We will now move to the actual business of the meeting. I now declare this meeting duly convened, properly organized and competent to transact business. I will now open the floor to the consideration of the two items of business described in the notice of the annual meeting. To consider and vote upon the election of two directors to the Board of Directors of the company, each of whom will serve for a term of three years until the twenty twenty four Annual Meeting of Stockholders and until a successor is duly elected and qualifies. The person is nominated by the Nominating Corporate Governance Committee of Santa Barbara Clothiery Capital and its full Board of Directors are Mr.

Marshall Brozest and Mr. Samuel Katz. The second order of business on our agenda is the proposal to ratify the selection of RSM US LLP to serve as the company's independent registered public accounting firm for the fiscal year ending 09/30/2021. Are there any discussion, comments or question on the two proposals which were set forth in the company's proxy statement? It is now 09:49 a.

M. Eastern Time on 02/09/2021, and the polls are now open. For those of you who have not submitted a proxy may vote, and those of you who have submitted a proxy but would like to change your vote, you may do so now by clicking on the voting button on the web portal and following the instructions there. Information regarding the election of directors is provided in the proxy statement that accompanied the notice of annual meeting, and accordingly, I will dispense with any preliminary explanation. Since discussion is now complete, I declare the polls open for balloting.

The polls are now closed. We will take a moment while the Inspector of Election counts the ballots and proxies. The Inspector of Election has notified me that the ballots and proxies have been counted. Will the Secretary of the meeting please present the results of the balloting?

Speaker 2

I report that the results of the balloting as provided by the Inspector of Elections are as follows. One, each of Mr. Marshall Brozost and Mr. Samuel L. Katz have been elected as a Class one Director of PennantPark Floating Rate Capital Limited for a three year term expiring at the annual meeting of stockholders in 2024 and until a successor is duly elected and qualifies.

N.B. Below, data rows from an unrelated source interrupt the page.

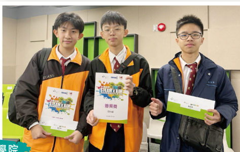
同學在香港建造學院 獲頒發獎項

本校同學在12月14日參與了由香港建造學院舉辦「全港中學 STEAM x BIM 建造模型創意設計比賽 2024 - 你想 GLAMPING」。同學在比賽中參與學院的工作坊，並在學院導師的指導下，學習 BIM 建築訊息模擬軟件，融入「組裝合成」建築法 (MiC)，設計出 Glamping 主題作品，並以 3D 打印原型。同學們在活動中喜獲初中組及高中組優異獎項。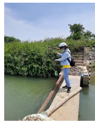
Hình 3: Trạm bơm Bích Bắc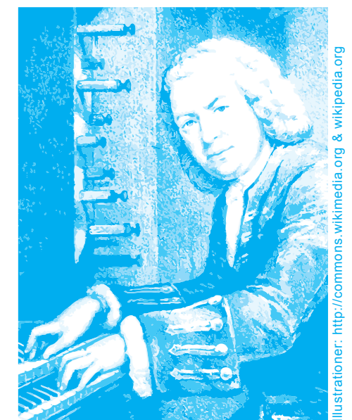
Illustrationer: http://commons.wikimedia.org & wikipedia.org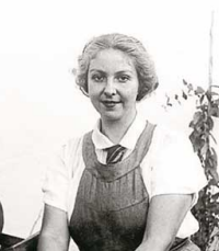
Mª Teresa León Goyri Escritora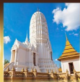
วัดพุทไธสวรรย์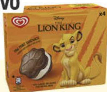
LION KING Ref.: 63336 8 ud./caja - 240ml - 152g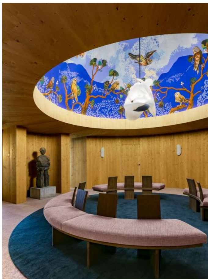
L'entrée de l'hôtel avec sa fresque et son coucou virevoltant, la mascotte de l'établissement Jérôme Galland pour L'Express d'IX

P. Y. : Oui, j'ai joué avec deux coloris chaleureux, le vert sapin et le terracotta, que j'ai associés à du jaune, du bleu, du rose. J'ai aussi dessiné tous les meubles, soit plus de 230 pièces différentes, et je me suis amusé à pousser plus loin la fantaisie et le décalage. Par exemple, j'ai créé les pieds des fauteuils en forme de pattes d'oiseaux ; dans les couloirs, les suspensions en verre givré reprennent la forme des glaçons et la moquette dans les chambres, le motif des flocons de neige.

Two, RSM US LLP has been ratified to serve as the independent registered public accounting firm for PennantPark Floating Rate Capital Limited for the fiscal year ending 09/30/2021.

Speaker 1

Thank you, Mr. Friedman. On the basis of reports provided by the Inspector of Elections and the Secretary of the meeting, I declare that proposals one and two, which have been presented for PennantPark Floating Rate Capital at this time have been accepted by the stockholders of PennantPark Floating Rate Capital. There being no further business, I declare the Annual Meeting of Stockholders is hereby adjourned. We would now like to open things up for stockholder questions and comments.

We will take questions from the validated stockholders that are being entered today through the Ask a Question field on the web portal. No questions may be submitted via the listen only conference call. Please note we will attempt to answer as many questions as time allows, but only questions that are germane to the meeting will be addressed. I see that we have no further questions at this time. I hereby close the meeting and thank you for your participation today.

Ladies and gentlemen, this concludes today's conference call. Thank you for participating.